FROM ghcr.io/astral-sh/uv:python3.10-alpine

COPY pyproject.toml ./

WORKDIR /app

RUN uv sync

COPY app ./app

EXPOSE 8000
CMD ["uv", "run", "uvicorn", "app.main:app", "--host", "0.0.0.0", "--port", "8000"]

Fun with DNS

The actual API creation was very simple and I was pleasantly surprised with how fast everything deployed. Since the actual complexities with the pod & related resources were already ironed out, this part was made much more simple.

However, the issues that I was running into were not related directly to this project! Since we are creating an IngressRoute that points specifically to the pod that we are creating, we need a DNS entry to point to that URL that we are creating (with the randomized session ID). For development purposes, making these entries manually wasn’t too much overhead.

When I started to ramp up creating and deleting the pods, however, this quickly became pretty annoying. So, as a result, I elected to make a wildcard DNS entry for *.local.bsale.me on my DNS to point to Traefik.

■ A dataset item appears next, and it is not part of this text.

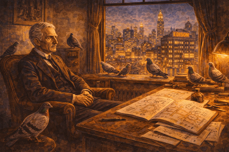Tesla's final decades were difficult. He gave up his Westinghouse royalties to save the company during a financial crisis—sacrificing millions. He moved from hotel to hotel, increasingly eccentric, feeding pigeons in the park, claiming to receive messages from other planets.

Creating a New Pod/Session

This is as easy as issuing a couple requests:

Creating a new pod:

curl -X POST https://duckui-api.local.bsale.me/sessions -d '{"username": "bsale", "s3_key": "<s3_key>", "s3_secret": "<s3_secret>", "catalog": "http://x.y.z.a:8181/catalog"}' -H "Content-Type: application/json"

This returns an output like

{"session_id":"977a26","url":"https://duckui-977a26.local.bsale.me"}

And then deleting the session is as simple as

curl -X DELETE https://duckui-api.local.bsale.me/sessions/977a26

Summary

I think we have a pretty extensible base here: if more parameters are needed at some point in the future, we can pretty easily add those parameters to our Pydantic models and the functions generating the different objects within the k8s cluster.

In the future, I could see making specific parameters/defaults for resource requests or having some “t-shirt” size options that would set these resources with some pre-defined presets.